Growing your BV practice means ‘putting yourself out there’

BVWireIssue #114-4
March 28, 2012

The good news: Less than a quarter (23.1%) of respondents to our latest online poll saw their BV firms lay off employees during the economic downturn, although one participant admitted, “We cut staff by nearly 50% and required the remaining staff to be more efficient and productive.” Still another said it wasn’t the economy that prompted staff cuts: “They could not do the work.”

The current talent shortage combined with an uncertain economy may have tempered most practitioners’ expansion plans. Roughly half of survey participants (53.3%) plan to hire new employees in 2012, but, “We are replacing only terminated employees,” comments one. Says another, “We do not plan on hiring new employees until we see some stabilization of pricing in the market.” Another is looking for “professionals who want to work.”

During the downturn, more participants focused externally, on business development, than internally, on improving processes (although about a third split their time equally between the two). “You have to treat marketing like a client,” says one respondent. “Keep paying attention to it during the good times and the bad.” In making renewed marketing efforts, nearly 70% of respondents said they were encouraging practitioners to publish, speak, and/or participate in professional events. ”Putting yourself in front of a target audience is the best marketing that one can do,” says one. “No one has time to read the newsletters and firm brochures, and [people] are too busy for lunches.”

As for solid and emerging growth areas, survey participants checked off forensic accounting, consulting services (M&A and succession planning), shareholder disputes, matrimonial, and healthcare. Fair value for financial reporting—in particular, 409(a) work—shows little or no opportunity for growth, they say. Surprisingly, a third of respondents (63.7%) believe that both tax (estate and gift) and bankruptcy work are on the wane.

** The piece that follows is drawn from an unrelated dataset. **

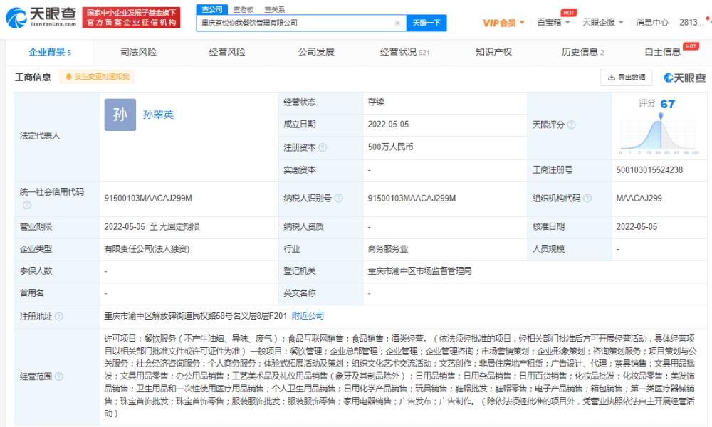 鞭牛士 5月7日消息,天眼查App显示,近日,重庆茶悦你我餐饮管理有限公司成立,法定代表人为孙翠英,注册资本500万人民币。

At least one noted that “other related fields, such as personal injury and wrongful death damages calculations, and lost profits calculations,” could be on the rise. “We are seeing more traditional CPAs deciding to offer [BV] because their traditional practices of tax and audits have not grown,” observes one, but “they forget about the ‘damages’ of having a valuation, forensic, and litigation services department in their CPA firms.”